Highlights
Key Funding Initiative to Drive Global Project Development
Ionic Rare Earths Limited (ASX: IXR), a critical minerals exploration and development company, has successfully secured firm commitments to raise $3.0 million before costs via the issuance of convertible notes, subject to shareholder approval. This capital raising initiative is a strategic move to fund working capital requirements and accelerate progress across its priority projects in the UK, USA, Brazil, and Uganda’s Makuutu Rare Earths Project.
Convertible Notes Structure and Terms
The fundraising will be conducted through the issue of unsecured, unlisted convertible notes to sophisticated and professional investors. These notes will convert into ordinary shares either upon the investor's decision or automatically on 15 June 2027. The conversion price is set at the lower of 0.9 cents per share or a 20% discount to the 15-day volume-weighted average price (VWAP) prior to conversion. For conversions before 22 September 2025, a fixed price of 0.9 cents per share will apply.
In lieu of interest, investors will receive 166.7 million options, exercisable at 1.1 cents each, expiring on 15 December 2027. These terms, as outlined in the company’s annexures, provide investors with attractive upside potential while aligning with IonicRE’s long-term growth vision.

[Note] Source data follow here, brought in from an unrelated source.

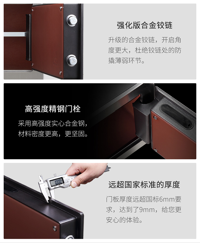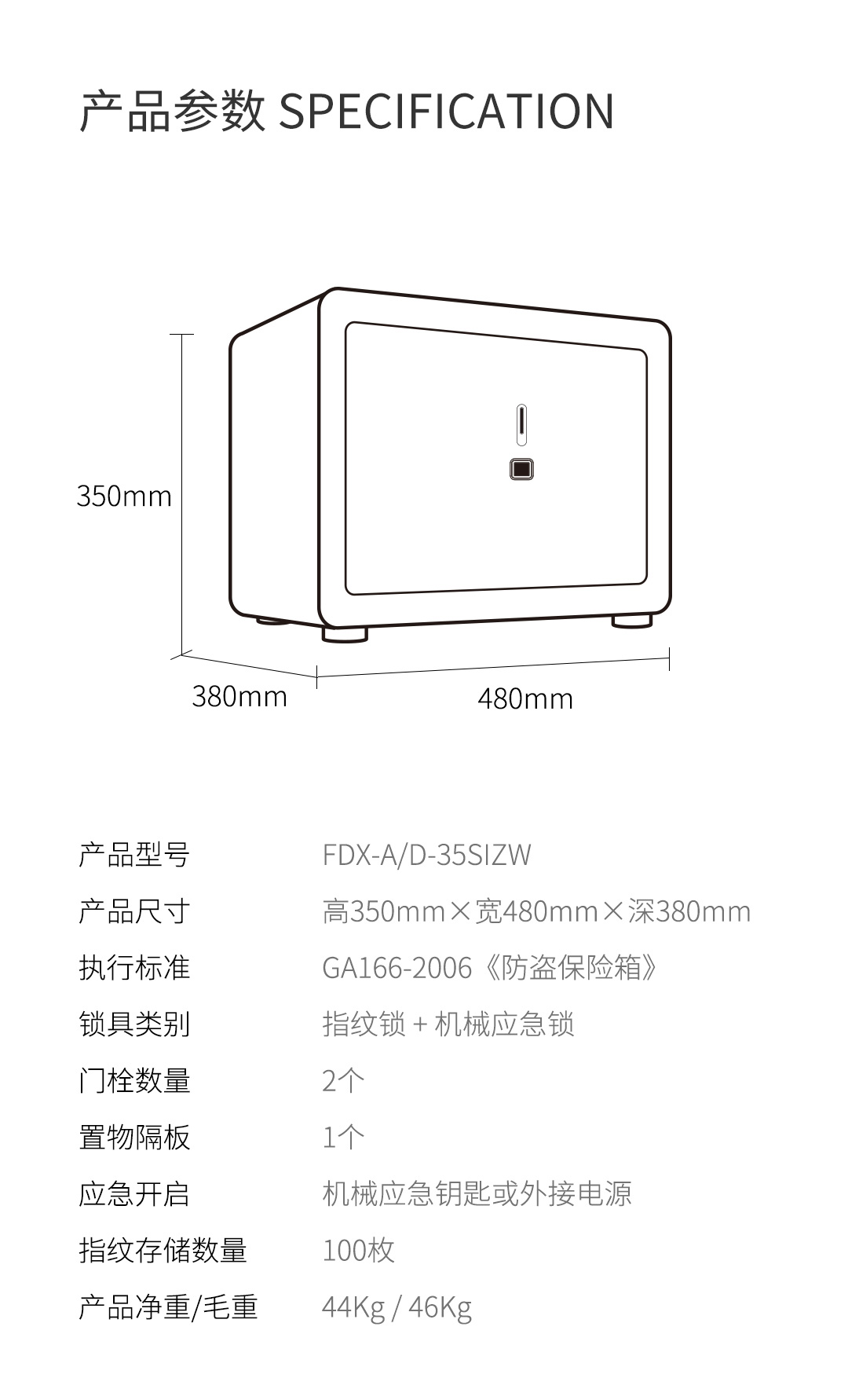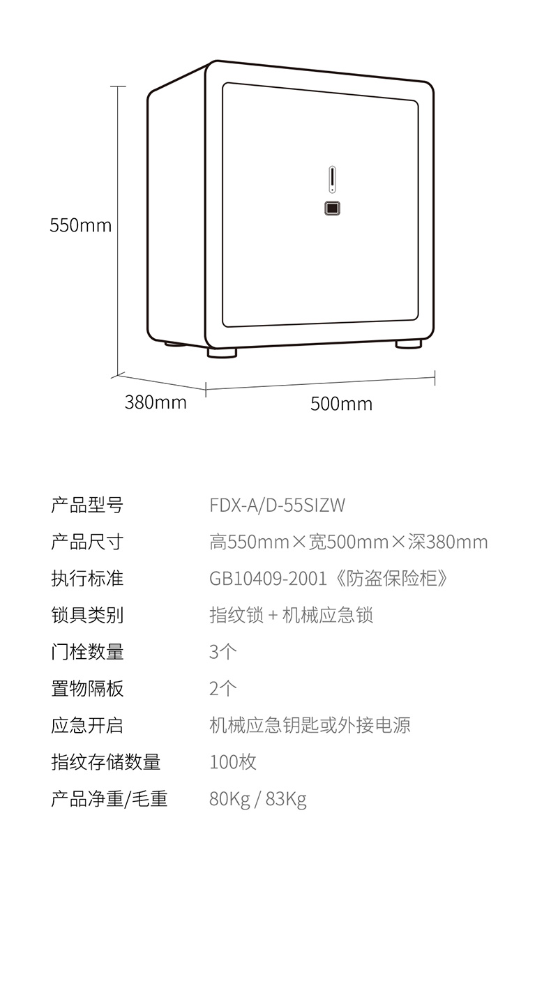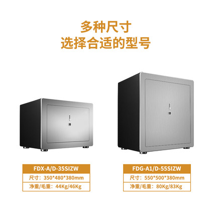 卡嘜安諾指紋系列3C認(rèn)證保險(xiǎn)箱D-35SIZW尺寸說(shuō)明:350高*480寬*380深mm(含底座) 重量:46kg
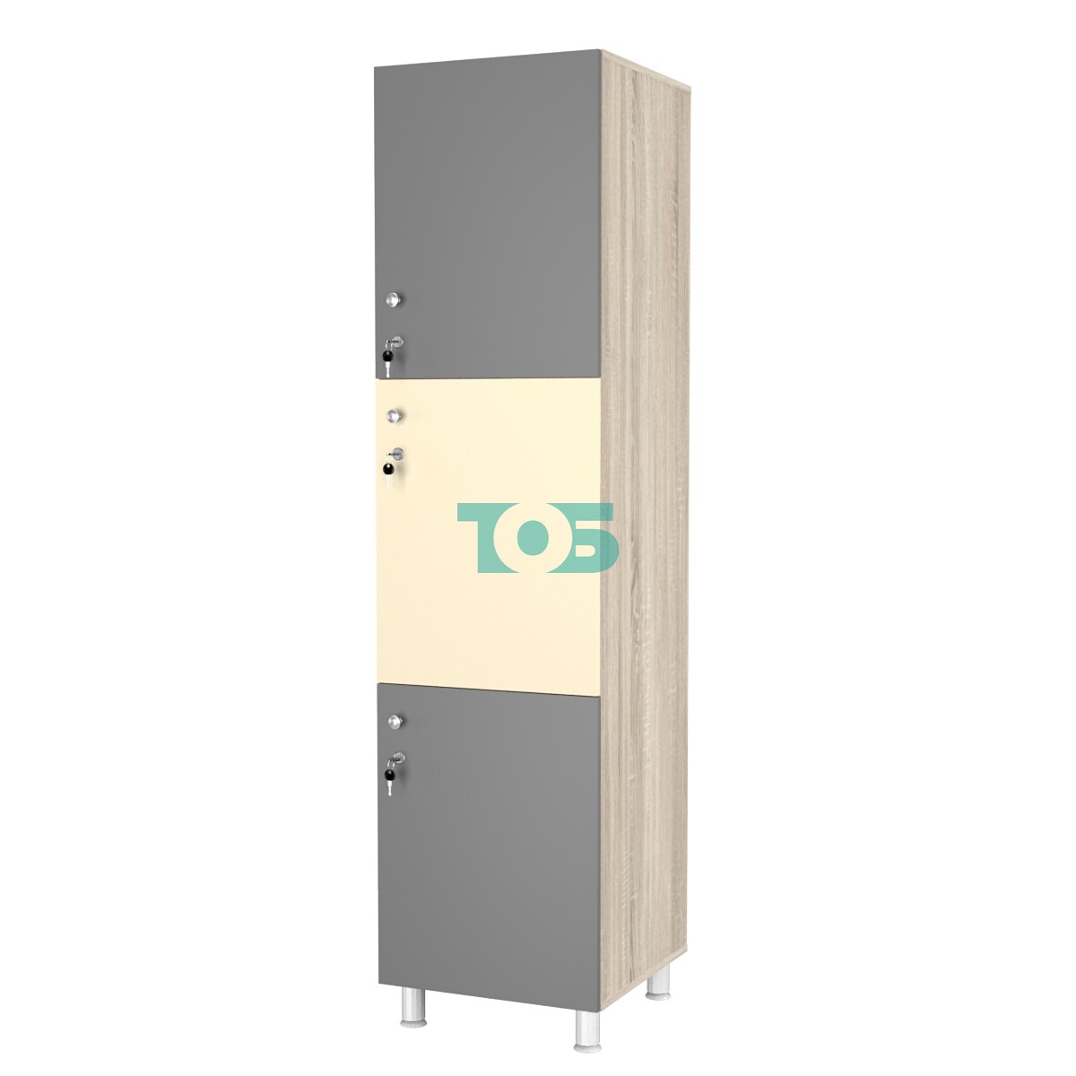• Шкаф для раздевалок СТАНДАРТ-ТРИО №2, Дуб сонома + Темно-серый + Крем Вайс
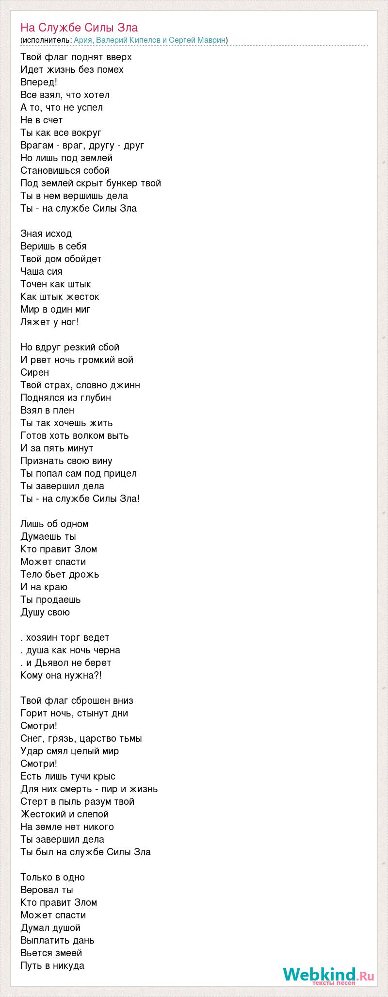 Твой флаг поднят вверх Идет жизнь без помех Вперед! Все взял, что хотел А то, что не успел Не в счет Ты как все вокруг Врагам - враг, другу - друг Но лишь под землей Становишься собой Под землей скрыт бункер твой Ты в нем вершишь дела Ты - на службе Силы Зла Зная исход Веришь в себя Твой дом обойдет Чаша сия Точен как штык Как штык жесток Мир в один миг Ляжет у ног! Но вдруг резкий сбой И рвет ночь громкий вой Сирен Твой страх, словно джинн Поднялся из глубин Взял в плен Ты так хочешь жить Готов хоть волком выть И за пять минут Признать свою вину Ты попал сам под прицел Ты завершил дела Ты - на службе Силы Зла! Лишь об одном Думаешь ты Кто правит Злом Может спасти Тело бьет дрожь И на краю Ты продаешь Душу свою . хозяин торг ведет . душа как ночь черна . и Дьявол не берет Кому она нужна?! Твой флаг сброшен вниз Горит ночь, стынут дни Смотри! Снег, грязь, царство тьмы Удар смял целый мир Смотри! Есть лишь тучи крыс Для них смерть - пир и жизнь Стерт в пыль разум твой Жестокий и слепой На земле нет никого Ты завершил дела Ты был на службе Силы Зла Только в одно Веровал ты Кто правит Злом Может спасти Думал душой Выплатить дань Вьется змеей Путь в никуда
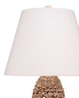 Inspired by a warm, Hawaiian summer breeze, this table lamp will add a relaxed yet elevated atmosphere to your home. The alternating woven pattern adds interest to the body's rounded cone-like shape, with a matching corn rope finial topping a white linen shade. Expertly handcrafted of natural material, the crisscrossed openwork weaving adds texture and fresh style to any setting.
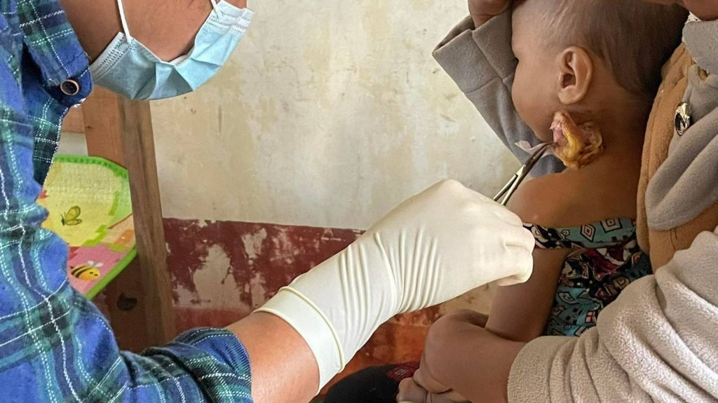 “ကျနော်တို့အဖွဲ့ဝင်တချို့က ကျန်းမာရေးဌာနက CDM လုပ်ထားတဲ့သူတွေပါ၊ တချို့ကလည်း ပြင်ပဌာနကဖြစ်တယ်၊ အခု ဖယ်ခုံမြို့နယ်အတွင်းက စစ်ရှောင်စခန်း တော်တော်များများမှာ ဖျားနေကြတယ်၊ ကလေးရော လူကြီးရော တစ်နေ့ကို ပျှမ်းမျှ ၇၅ ယောက်နှုန်းနဲ့ကုပေးနေရတယ်၊ ဆေးဝါးတွေက လုံလောက်မှု မရှိဘူး” ဟု ဆေးကုသပေးနေသည့် အဖွဲ့ဝင်တစ်ဦးက သျှမ်းသံတော်ဆင့်ကို ပြောသည်။
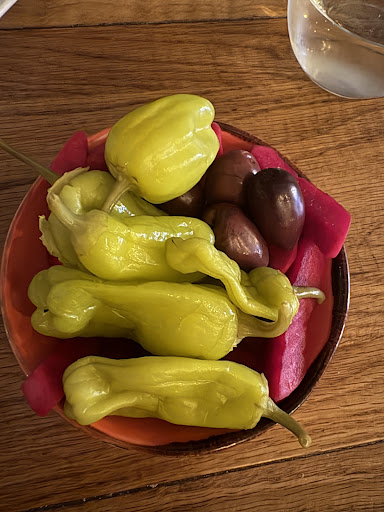We were quickly greeted and welcomed to our table. The room is nicely done and doesn't scream the traditional kitchsy design of palm trees, tajines, or peaked arches. It's a lovely space with dark walnuts, clean modern lighting, and pops of colour. Our tables were close to the other ones but I can see how popular this place was that they need to pack it in.
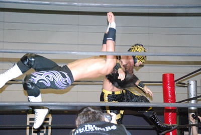 HUB場外に出してブレーンバスター(左写真)。リングに戻す際には「俺もボリビア行きたかった!」
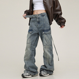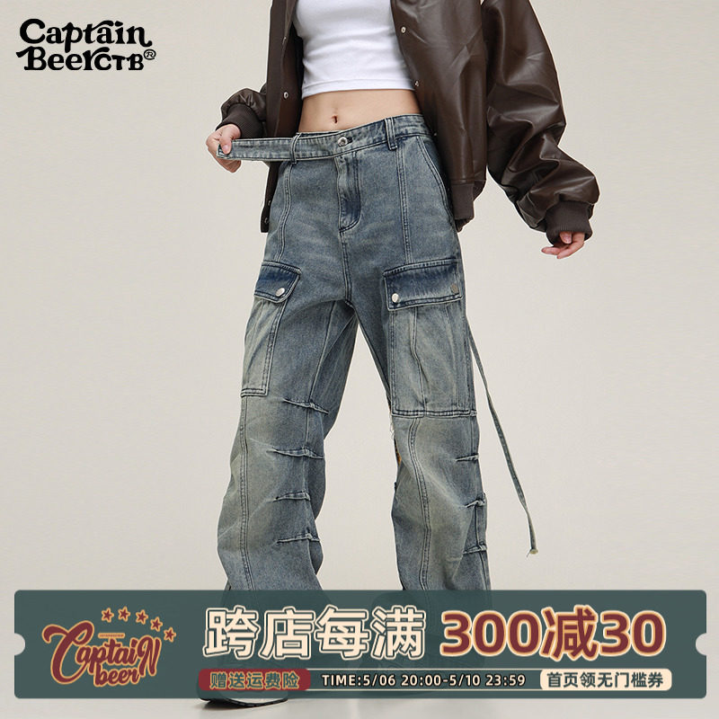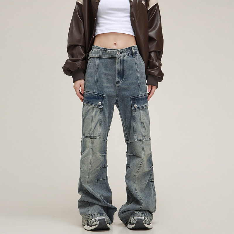 Дизайнерские светлые джинсы подходит для мужчин и женщин, штаны, в американском стиле, свободный прямой крой

Conditional on Shareholder Approval
The capital raise remains contingent upon approval at an Extraordinary General Meeting scheduled for July 2025. In the interim, IonicRE can opt to access the funds as a loan, repayable with 7% interest if shareholder consent is not granted. Ignite Equity Pty Ltd is acting as the lead manager for the offering and will be issued 15 million options, alongside a 6% fee (plus GST) on funds raised. At the time of writing, Ionic Rare Earths Limited is actively positioning itself as a major player in the global supply of sustainable magnet and heavy rare earths, critical to the green energy transition.